Assume that the time to dropout has the piecewise-constant distribution with density

p (t) = \sum_{j = 1}^{n} β_{j} 1_{[0, τ_{j}]} (t)

. For the time interval

[0, T]

with

T > {max}_{j} τ_{j}

, the number of purchases for a random consumer has the distribution with pmf

\sum_{j = 1}^{n} β_{j} q_{x U} (τ_{j}) .

In Figure 1, we depict the theoretical pmf

q_{x U}

for various

τ

and mixture parameters. We can see that the pmf is moving right as

τ, k, a

becomes larger and shows the mean

a k τ / 2

. The R code with the computation of the pmf

q_{x U}

is given in Appendix A.

2.2. The Linear Density for Dropout

Assume that the time to dropout has a distribution with a linear density

(1 - t / τ) 2 / τ

at an interval

[0, τ]

. For the time interval

[0, T]

with

T > τ

, the number of purchases for a random consumer has the distribution with pmf

q_{x L} = \frac{2}{τ} \int_{0}^{τ} p_{x} (t) (1 - t / τ) d t = \frac{2}{τ} \frac{Γ (k + x)}{x! Γ (k)} \int_{0}^{τ} \frac{{(a t)}^{x}}{{(1 + a t)}^{x + k}} (1 - t / τ) d t .

Using Maple [10] we obtain

\begin{matrix} q_{x L} & = & {}_{2}F_{1} (k - 2, x + k; k - 1; - \frac{1}{τ a}) \frac{2 Γ (x + k)}{x! (k - 2) Γ (k) τ^{k} a^{k}} \\ - {}_{2}F_{1} (k - 1, x + k; k; - \frac{1}{τ a}) \frac{2 Γ (x + k)}{x! (k - 1) Γ (k) τ^{k} a^{k}} + 2 \frac{τ a (k - 2) - x - 1}{(k - 1) (k - 2) τ^{2} a^{2}}, \end{matrix}

where

{}_{2}F_{1} (\cdot)

is the hypergeometric function. Note that the mean of this distribution is

\sum_{x = 0}^{\infty} x q_{x L} = \frac{2}{τ} \int_{0}^{τ} a k t (1 - t / τ) d t = a k τ / 3 .
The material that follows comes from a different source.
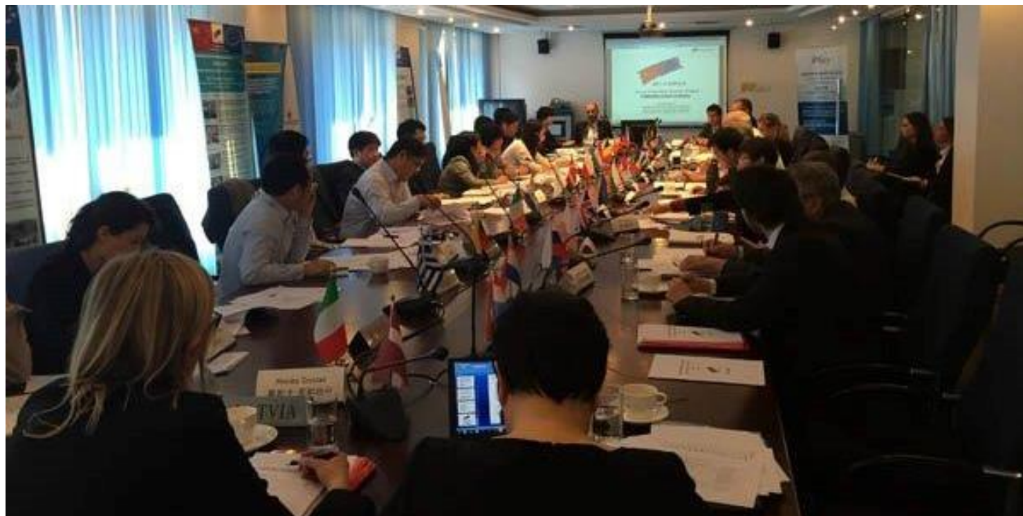
Project Advisory Committee held in Beijing on 21 st April 2015

In Figure 2, we depict the theoretical pmf

q_{x L}

for various

τ

and mixture parameters.

2.3. The Exponential Density for Dropout

Assume that the time to dropout has the exponential distribution with mean

μ .

As argued in [9], this model for the time-life for the user identifiability, when used for modelling internet user behaviour, is the most natural when one restricts it to a particular type of browser.

For the time interval

[0, T]

, the number of purchases for a random consumer has the distribution with pmf

q_{x}^{T} = \int_{0}^{T} p_{x} (t) \frac{1}{μ} e^{- t / μ} d t + (1 - c_{T}) p_{x} (T),

where

c_{T} = \int_{0}^{T} \frac{1}{μ} e^{- t / μ} d t

. If

e^{- T / μ}

is very small, then

q_{x}^{T} \approx q_{x E}

, where

q_{x E} = \int_{0}^{\infty} p_{x} (t) \frac{1}{μ} e^{- t / μ} d t = \frac{Γ (k + x)}{x! μ Γ (k)} \int_{0}^{\infty} \frac{{(a t)}^{x}}{{(1 + a t)}^{x + k}} e^{- t / μ} d t .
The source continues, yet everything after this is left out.